After checking to see if it was legal, Spann forced her 12-year- old daughter, Miasha Williams, to spend four days last week in front of several Temecula schools carrying a big sign saying, “I Engaged in Bullying Behavior. I Got Suspended From School. … Don’t Be Like Me. Stop Bullying.”
“I felt I needed to do something that would make an impression,” Spann said.
It may have done the trick.
Miasha lugged around the handwritten sign from Great Oak High School to Temecula Valley High School to her own Erle Stanley Gardner Middle School and ended her “sentence” Thursday.
She displayed the placard in the mornings when kids arrived at school and in the afternoons when they left. At each stop, she was surrounded by somewhat baffled students. Sometimes she looked sheepish and embarrassed, other times as if she was enjoying the spectacle.
“This is my fault,” she said Thursday, holding her sign in front of Gardner Middle School, where the Temecula girl is a seventh-grader. “I agree what I did was wrong. Bullying is not a nice thing to have happen to you.
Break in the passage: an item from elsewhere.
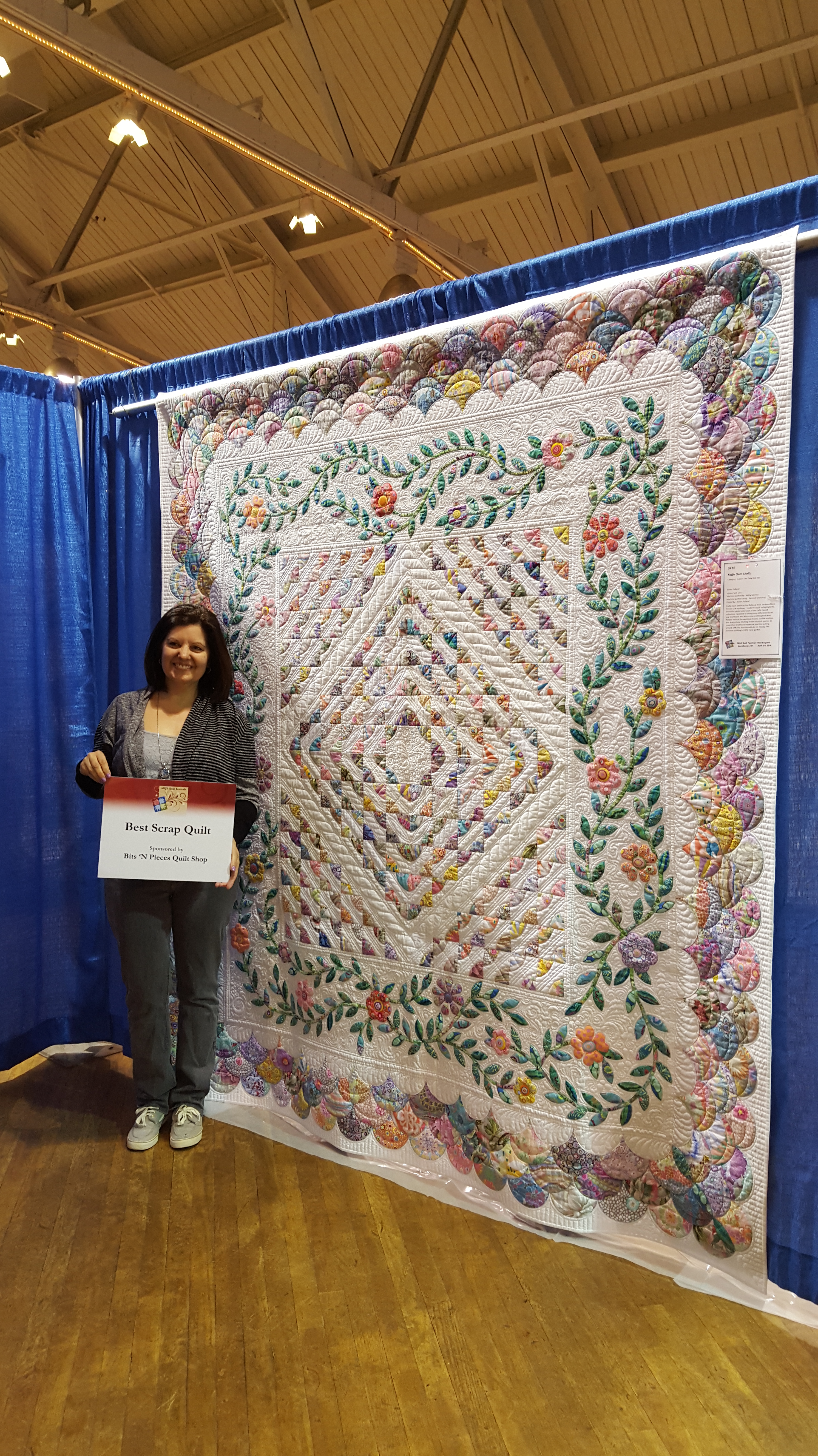 Quilt Show Inspiration! I attended MQX East this past week/end. I spent some time in Sturbridge Quilting and Sewing’s booth, Willow Leaf Designs and viewing some amazing quilts! My friend’s quilt “Kaffe Clam Shells” won Best Scrap Quilt!!! So happy for Sue Pelland and Kathy Sperino, her very talented quilter! I might have yelled just a little when their names were called at the awards ceremony!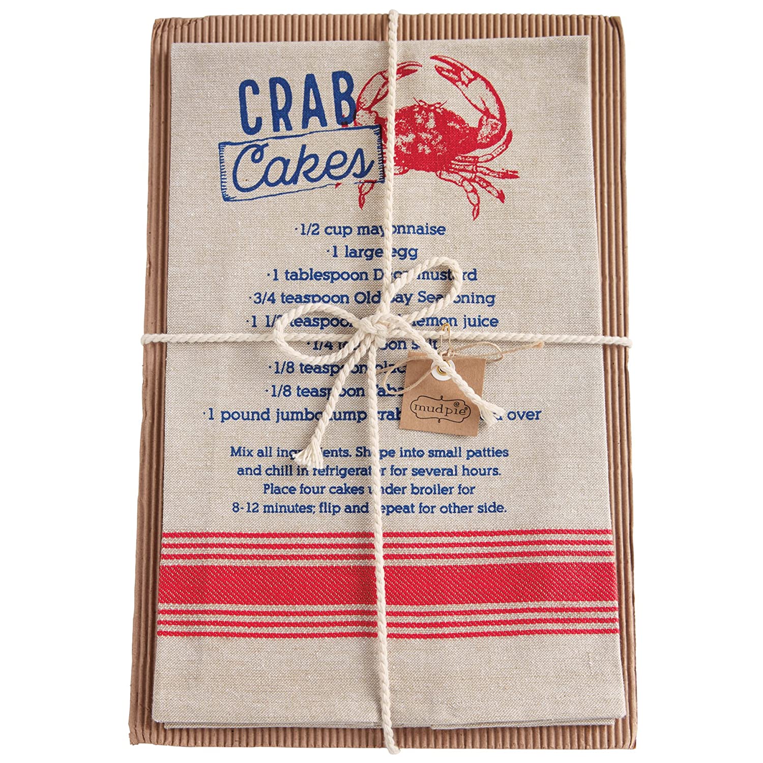 Size: 26x16.5 inches. Printed chambray towels feature authentic crab recipe and coordinating crab icon.

The person who is bullying feels tough, but you have to understand what the other person must feel like.”
Miasha said the incident happened May 10 when she and five other girls confronted a fellow student who they said called them a racist name.
No violence occurred, she said, but the girl felt intimidated enough to complain. Miasha and another student were suspended for a week.
The 1999 massacre of 12 students and a teacher at Columbine High School in Colorado heightened awareness of the issue.